Posters from the By the People, For the People: Posters from the WPA, 1936-1943. 908 posters from the collection of the Library of Congress. Read about the exhibit, check the massive subject listing, or skip straight to the highlights.

>  29 July 2002 | LINK | Filed in , ,

Selling Soap with Stereotypes

Trade cards are a “single piece of medium weight paper slightly smaller than a post card, printed with decorative images which directly or indirectly promote a commercial product, service, or event. Trade cards were used widely from the 1870s to the end of the 1890s, and were commonly distributed to the public at store counters, expositions, and through the mail.” The Daniel K.E. Ching Collection of the Chinese Historical Society of America has over four hundred trade cards produced in the United States and Europe that contain racist depictions of Chinese and Chinese Americans. Several images have been posted online. For a bit of context read the essay.

Found via American Samizdat.

>  26 July 2002 | LINK | Filed in ,

Camo in the City

At the airport in New York, two beefy guys stand akimbo in full camoflague gear, semi-automatic weapons casually slung. How very funny to see them decked out in green jungle camouflage against the commercial white interior and cheap gray carpet. In fact, it’s pretty clear the camo gear is not to conceal, but to be unavoidably present. Like the machine guns which may or may not be loaded, it is a loud signifier of military-ness, a show of force, a warning and reminder of the presence of power.

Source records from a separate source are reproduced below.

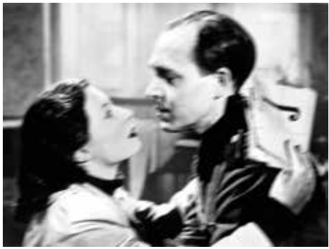
Titelbild aus dem DEFA-Film „Ehe im Schatten“, D 1947
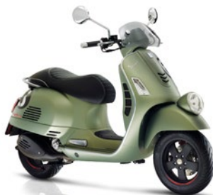
Grün matt 344/A
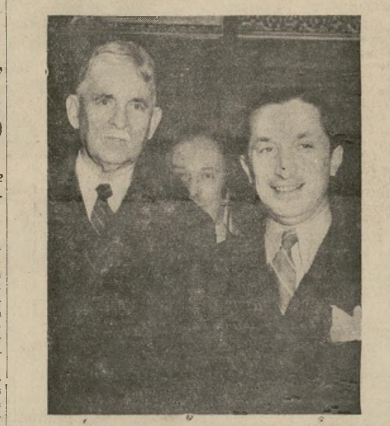
El doctor John F. Condon, intermediario del coronel Lindbergh que pagó los $50,000 del rescate al misterioso "John" en el Cementerio de St. Raymond, se halla en Flemington esperando que llegue el turno para declarar en el juicio del Estado contra Bruno Richard Hauptmann, acusado del secuestro y muerte del niño. A la derecha el procurador general David T. Wilentz.

El aya contesta con gran firmeza las preguntas del defensor. — Cuatro nuevos nombres aparecen en el juicio. — Ausencia absoluta de impresiones digitales en la habitación. — La escalera fué presentada al tribunal.
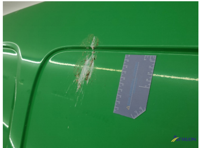
6. diverse Gebruikssporen
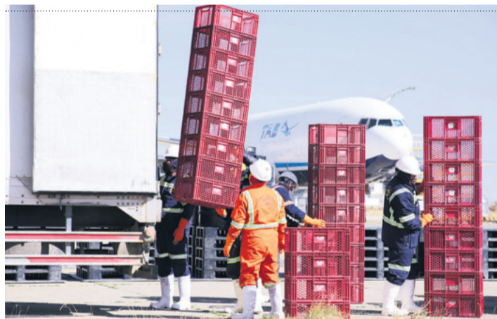
Trabajadores descargan pollos de un avión del TAM

El bloqueo de caminos que realizan sectores campesinos que apoyan a Evo Morales, ha generado una pérdida económica de más de mil millones de dólares en la economía del país, según el ministro de Desarrollo Productivo y Economía Plural, Néstor Huanca.
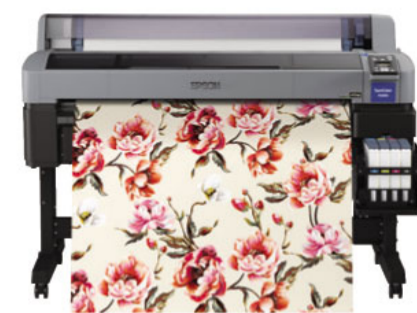
SC-F6330 Dye-Sub หน้ากว้าง 44 นิ้ว
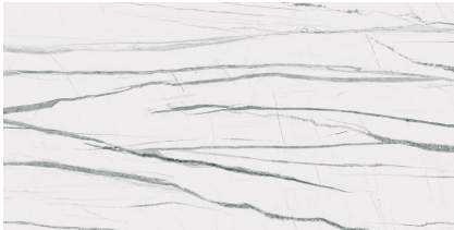
DAREN BLANC PULIDO P6012V
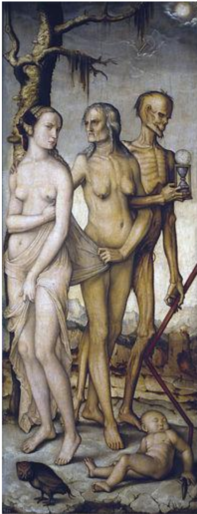
Figura 1: Hans Baldung, The three ages of man and death , 1510.

con una interpretación alegórica del motivo. Las tres mujeres representan los tres vínculos inevitables del hombre para con la mujer; la paridora, la compañera y la corrompedora, o bien, las tres formas que toma la imagen de la madre a lo largo de la vida; la madre misma, la amada y la madre tierra (Figura 1). “ El hombre viejo en vano se afana por el amor de la mujer, como lo recibiera primero de la madre; solo la tercera de las mujeres del destino, la callada diosa de la muerte, lo acogerá en sus brazos ” (ibídem, p. 317).
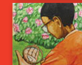
Le ke leino la mang?
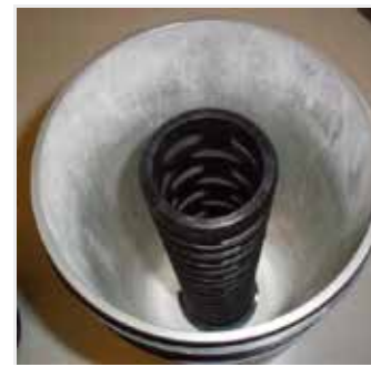
Elemen "Tanpa Inti" Dihilangkan dari Rumah
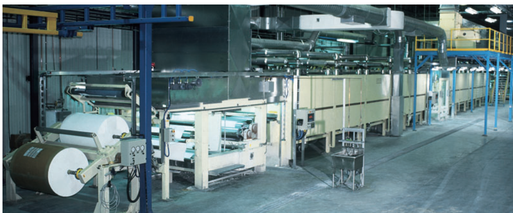
Установки пропитки для коротко тактовой плонки, двух-ступенчатая
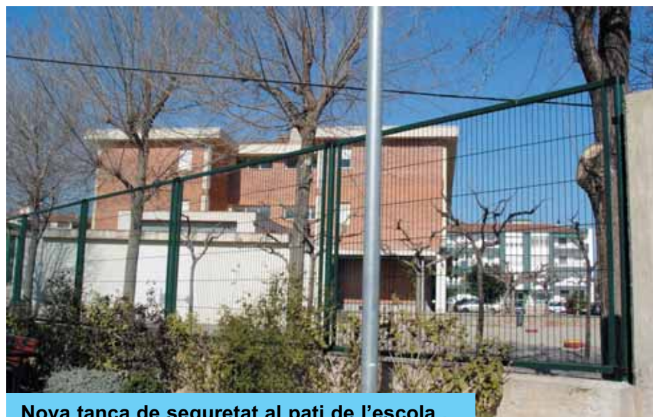
Nova tanca de seguretat al pati de l'escola .

Per a poder realitzar l'obra s'ha adquirit una perforadora per fer forats circulars al formigó que s'ha amortitzat en la col·locació de les tanques i queda com una eina molt útil de la Brigada alhora de col·locar pals, senyals i algunes pilones.

>  26 July 2002 | LINK | Filed in ,

Branding Beijing

“Beijing Organising Committee of the 2008 Olympic Games (BOCOG) opened a two-day Olympic Design Conference in Beijing on Tuesday in a bid to find the most appropriate ways to impress the world visually. Beijing Mayor Liu Qi said in the opening address that through the magnificent and unique ‘Olympic look’, Beijing will unfold the great charm of this global sporting event and the history of China. Meanwhile, Beijing will also ‘promote the concept of “New Beijing, Great Olympics”, and demonstrate and elevate the image of Beijing and China in the world’, added Liu, who is also BOCOG president.”

From the People’s Daily.

>  7 July 2002 | LINK | Filed in , , , , ,

These Colors Don't Run

“The people in the apartment across the street have had an American flag hanging outside their second floor window since the day after 9/11. Looking out my window this morning, I noticed that the bottom of the flag is tattered from waving in the brisk San Francisco breeze for ten months. The top red stripe is seceding from the rest of the flag, the wind gradually tearing it away from the other twelve.

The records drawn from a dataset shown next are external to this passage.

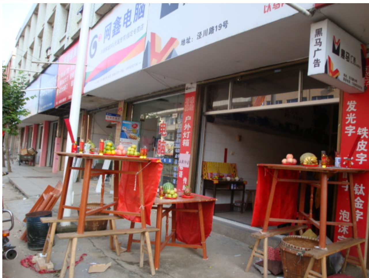
民间街头信祀 摄于平阳水头 2009年10月
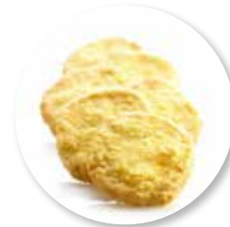
Pain Turc 800 g / ± 115 st. Ref. 0647
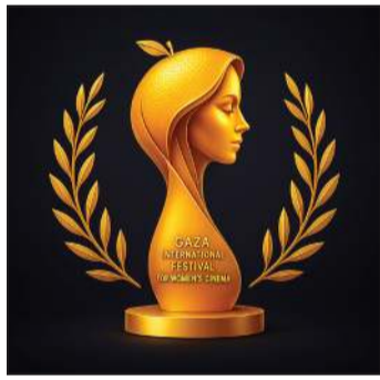
شعار مهرجان غزة الدولي لسينما المرأة
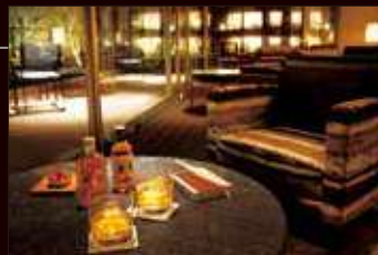
VIALA会員専用ラウンジ
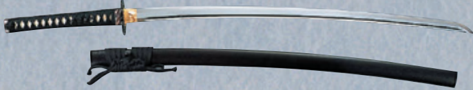
普及品 大刀、石目(2.2~2.45尺) E110 ¥40,600+税 小刀、石目(1.5尺) E111 ¥35,000+税 ※鞘(さや)石目塗 ※刀袋付
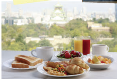
モーニング(イメージ)
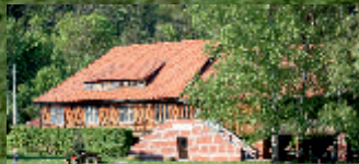
Gradierwerk Bad Sulza
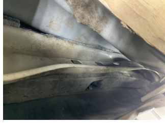
Kaporta, Kaporta > Hasarlı
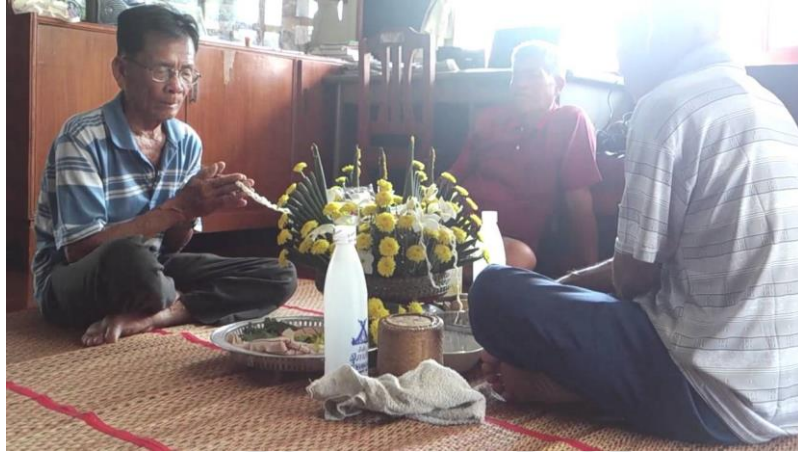
ภาพที่ 4.13 แสดงพิธีกรรมฮ้องขวัญของชาวบ้าน
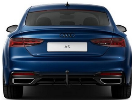
Technisch generiertes Bild. Tatsächlicher Zustand und Ausstattung können davon abweichen. Vergleichen Sie hierzu die Zustands- sowie Ausstattungsbeschreibung.
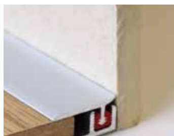
S konkávnym zákl. profilom
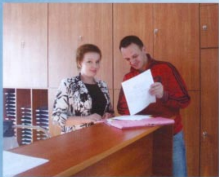
Biuro informacji i obsługi mieszkańców

Karty Usług są wydawane są w Biurze Informacji i Obsługi Mieszkańców, gdzie każdy mieszkaniec gminy
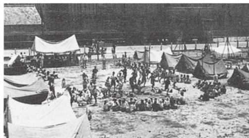
【12月】京都市立明倫小学校で日本ボーイスカウト京都連盟の結成式を挙げる。

(1949年) 【4月】関係官庁の許可を受け「財団法人ボーイスカウト日本連盟」が設立される。京都からは7個隊が加盟登録。【8月】承認された7個隊と準備隊1個隊の計8個隊130名の参加で、当時GHQが使用していた岡崎グラウンドにて「第1回京都キャンボリー」を開催。この時、特に許されて国旗「日の丸」を掲げた。
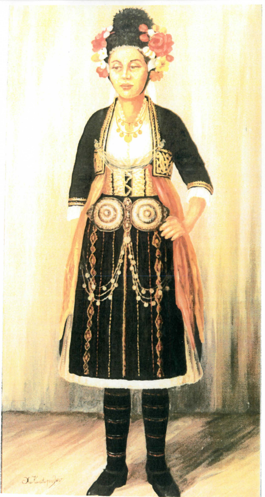
РΟΥΜΛΟΥΚΙ: Παραβοβιανή επίσημη φορεσιά

I wonder if they’ve forgotten about the flag and the reasons they bought it in the first place, the respect they must have felt for it then and the disrespect with which they are treating it now.”

From kottke.org.

>  6 July 2002 | LINK | Filed in ,

Palestinian Poster Project

“Liberation Graphics began actively collecting Palestinian posters in 1974 and now houses what many experts believe to be the world’s largest and most comprehensive collection of Palestinian-published and Palestinian solidarity poster art.”

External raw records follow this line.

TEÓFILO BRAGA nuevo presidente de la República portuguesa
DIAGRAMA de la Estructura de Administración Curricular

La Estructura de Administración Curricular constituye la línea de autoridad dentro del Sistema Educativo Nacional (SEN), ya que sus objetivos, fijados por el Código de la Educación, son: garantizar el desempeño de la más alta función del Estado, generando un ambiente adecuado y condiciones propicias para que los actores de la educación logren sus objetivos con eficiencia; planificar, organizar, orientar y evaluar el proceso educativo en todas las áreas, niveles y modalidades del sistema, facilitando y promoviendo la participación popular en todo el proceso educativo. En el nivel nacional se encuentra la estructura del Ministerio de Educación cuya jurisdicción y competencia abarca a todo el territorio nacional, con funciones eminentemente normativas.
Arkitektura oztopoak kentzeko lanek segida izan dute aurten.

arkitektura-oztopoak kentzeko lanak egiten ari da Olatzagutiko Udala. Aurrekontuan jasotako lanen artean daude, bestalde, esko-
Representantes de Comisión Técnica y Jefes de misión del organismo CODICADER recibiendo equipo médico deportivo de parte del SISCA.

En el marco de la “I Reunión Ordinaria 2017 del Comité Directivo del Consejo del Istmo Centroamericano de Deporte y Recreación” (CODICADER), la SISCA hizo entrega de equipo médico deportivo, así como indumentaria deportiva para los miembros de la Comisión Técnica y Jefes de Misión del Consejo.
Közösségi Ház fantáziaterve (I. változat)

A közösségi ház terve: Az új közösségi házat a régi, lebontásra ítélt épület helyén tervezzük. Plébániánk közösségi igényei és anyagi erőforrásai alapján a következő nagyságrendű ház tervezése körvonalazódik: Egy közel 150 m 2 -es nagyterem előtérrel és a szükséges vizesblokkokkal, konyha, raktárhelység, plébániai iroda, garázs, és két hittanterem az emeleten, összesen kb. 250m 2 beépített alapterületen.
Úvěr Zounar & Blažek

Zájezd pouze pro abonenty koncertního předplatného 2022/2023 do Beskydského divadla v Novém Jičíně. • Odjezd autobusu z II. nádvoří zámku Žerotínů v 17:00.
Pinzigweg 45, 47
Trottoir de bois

>  20 June 2002 | LINK | Filed in , ,

The Red Menace

Email from a friend in South Korea during the 2002 World Cup:

“The new national color of Korea is red. It used to be that red stands for communists in Korea and therefore, it’s a taboo color. We used to color communists in red in all the anti-North-Korean posters. When I was young, I even thought that communists had red faces. All of sudden, red became the color for Korean soccer, thanks to ‘Red Devil,’ the non-profit national soccer cheering association. The streets are filled with people wearing red T-shirts with ‘The Reds’ writing. I guess red is no longer a taboo.”